● **TASK DETAILS**
A picture-free, exact transcript of the entries below is required.

[Opening DATASET CONTENT section]

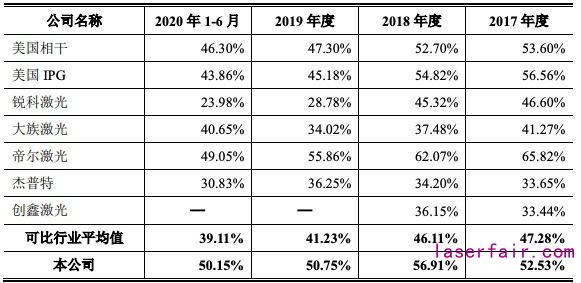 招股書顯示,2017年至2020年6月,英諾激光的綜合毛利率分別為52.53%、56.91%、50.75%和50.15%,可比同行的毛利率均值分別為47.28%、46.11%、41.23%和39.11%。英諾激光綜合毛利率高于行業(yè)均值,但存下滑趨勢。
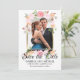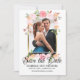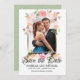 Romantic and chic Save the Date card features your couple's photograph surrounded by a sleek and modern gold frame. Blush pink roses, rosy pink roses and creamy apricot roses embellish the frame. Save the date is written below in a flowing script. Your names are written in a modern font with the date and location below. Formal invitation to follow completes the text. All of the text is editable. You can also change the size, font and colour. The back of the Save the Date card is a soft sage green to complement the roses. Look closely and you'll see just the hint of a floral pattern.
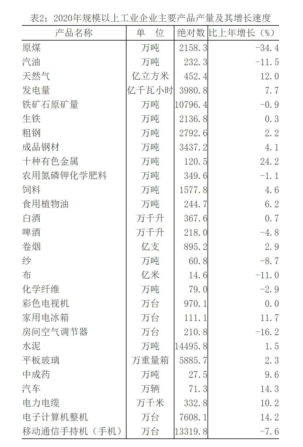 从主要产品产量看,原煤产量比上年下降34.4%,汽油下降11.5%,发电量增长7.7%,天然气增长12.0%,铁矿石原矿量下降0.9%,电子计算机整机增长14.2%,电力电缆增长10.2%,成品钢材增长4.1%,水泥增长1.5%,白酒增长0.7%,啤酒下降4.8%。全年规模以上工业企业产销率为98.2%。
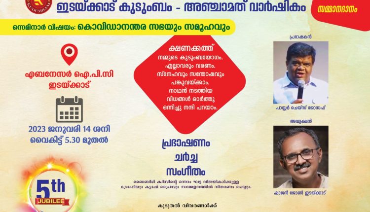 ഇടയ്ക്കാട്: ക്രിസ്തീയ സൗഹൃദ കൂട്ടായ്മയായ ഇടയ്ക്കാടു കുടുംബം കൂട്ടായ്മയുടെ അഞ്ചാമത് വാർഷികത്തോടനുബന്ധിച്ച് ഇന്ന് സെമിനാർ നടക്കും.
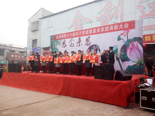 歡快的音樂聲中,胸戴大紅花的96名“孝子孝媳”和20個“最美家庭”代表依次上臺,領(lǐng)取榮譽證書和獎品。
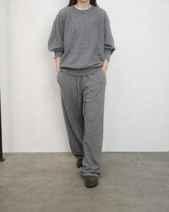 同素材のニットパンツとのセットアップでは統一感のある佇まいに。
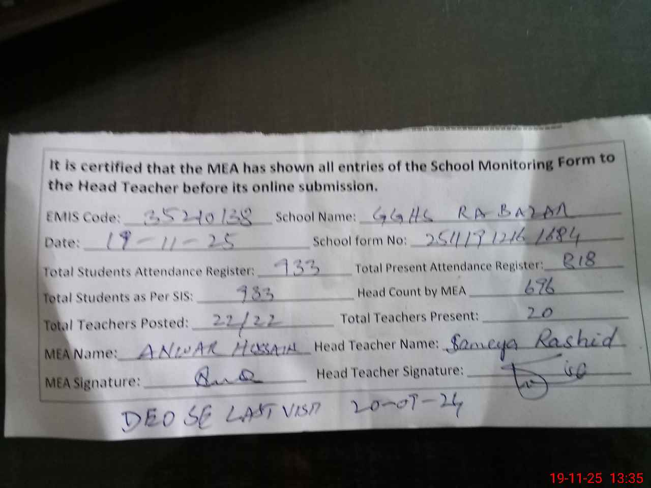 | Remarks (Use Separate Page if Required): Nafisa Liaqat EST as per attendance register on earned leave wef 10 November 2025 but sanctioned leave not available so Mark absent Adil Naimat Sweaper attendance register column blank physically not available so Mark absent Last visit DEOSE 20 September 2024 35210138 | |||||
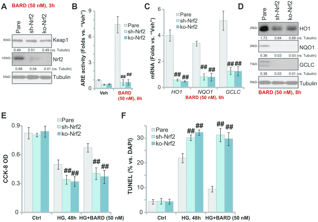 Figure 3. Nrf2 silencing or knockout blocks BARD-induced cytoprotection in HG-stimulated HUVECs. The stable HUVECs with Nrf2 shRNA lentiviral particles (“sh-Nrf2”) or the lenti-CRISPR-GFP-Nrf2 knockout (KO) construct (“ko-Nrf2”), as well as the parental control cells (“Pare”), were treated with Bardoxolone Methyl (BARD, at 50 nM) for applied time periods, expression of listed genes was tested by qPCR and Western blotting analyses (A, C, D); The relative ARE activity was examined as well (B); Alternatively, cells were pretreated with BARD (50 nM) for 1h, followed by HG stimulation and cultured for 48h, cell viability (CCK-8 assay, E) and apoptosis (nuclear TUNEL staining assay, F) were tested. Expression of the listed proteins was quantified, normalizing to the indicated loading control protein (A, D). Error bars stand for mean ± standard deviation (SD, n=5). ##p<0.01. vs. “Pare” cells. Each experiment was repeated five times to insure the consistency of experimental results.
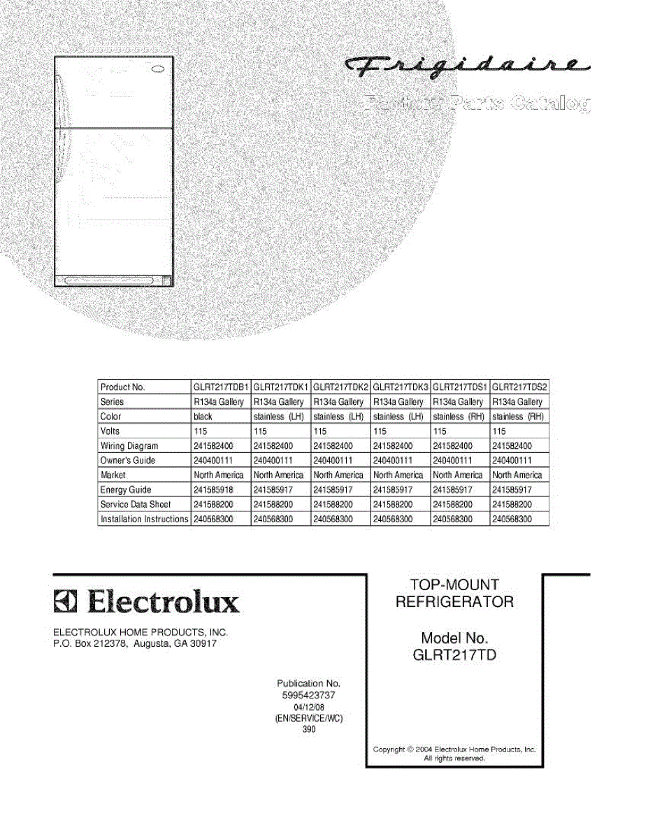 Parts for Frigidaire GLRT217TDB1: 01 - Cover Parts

[Closing DATASET CONTENT section]

● **ANSWER AREA**
 招股書顯示,2017年至2020年6月,英諾激光的綜合毛利率分別為52.53%、56.91%、50.75%和50.15%,可比同行的毛利率均值分別為47.28%、46.11%、41.23%和39.11%。英諾激光綜合毛利率高于行業(yè)均值,但存下滑趨勢。
 Romantic and chic Save the Date card features your couple's photograph surrounded by a sleek and modern gold frame. Blush pink roses, rosy pink roses and creamy apricot roses embellish the frame. Save the date is written below in a flowing script. Your names are written in a modern font with the date and location below. Formal invitation to follow completes the text. All of the text is editable. You can also change the size, font and colour. The back of the Save the Date card is a soft sage green to complement the roses. Look closely and you'll see just the hint of a floral pattern.
 从主要产品产量看,原煤产量比上年下降34.4%,汽油下降11.5%,发电量增长7.7%,天然气增长12.0%,铁矿石原矿量下降0.9%,电子计算机整机增长14.2%,电力电缆增长10.2%,成品钢材增长4.1%,水泥增长1.5%,白酒增长0.7%,啤酒下降4.8%。全年规模以上工业企业产销率为98.2%。
 ഇടയ്ക്കാട്: ക്രിസ്തീയ സൗഹൃദ കൂട്ടായ്മയായ ഇടയ്ക്കാടു കുടുംബം കൂട്ടായ്മയുടെ അഞ്ചാമത് വാർഷികത്തോടനുബന്ധിച്ച് ഇന്ന് സെമിനാർ നടക്കും.
 歡快的音樂聲中,胸戴大紅花的96名“孝子孝媳”和20個“最美家庭”代表依次上臺,領(lǐng)取榮譽證書和獎品。
 同素材のニットパンツとのセットアップでは統一感のある佇まいに。
 | Remarks (Use Separate Page if Required): Nafisa Liaqat EST as per attendance register on earned leave wef 10 November 2025 but sanctioned leave not available so Mark absent Adil Naimat Sweaper attendance register column blank physically not available so Mark absent Last visit DEOSE 20 September 2024 35210138 | |||||
 Figure 3. Nrf2 silencing or knockout blocks BARD-induced cytoprotection in HG-stimulated HUVECs. The stable HUVECs with Nrf2 shRNA lentiviral particles (“sh-Nrf2”) or the lenti-CRISPR-GFP-Nrf2 knockout (KO) construct (“ko-Nrf2”), as well as the parental control cells (“Pare”), were treated with Bardoxolone Methyl (BARD, at 50 nM) for applied time periods, expression of listed genes was tested by qPCR and Western blotting analyses (A, C, D); The relative ARE activity was examined as well (B); Alternatively, cells were pretreated with BARD (50 nM) for 1h, followed by HG stimulation and cultured for 48h, cell viability (CCK-8 assay, E) and apoptosis (nuclear TUNEL staining assay, F) were tested. Expression of the listed proteins was quantified, normalizing to the indicated loading control protein (A, D). Error bars stand for mean ± standard deviation (SD, n=5). ##p<0.01. vs. “Pare” cells. Each experiment was repeated five times to insure the consistency of experimental results.
 Parts for Frigidaire GLRT217TDB1: 01 - Cover Parts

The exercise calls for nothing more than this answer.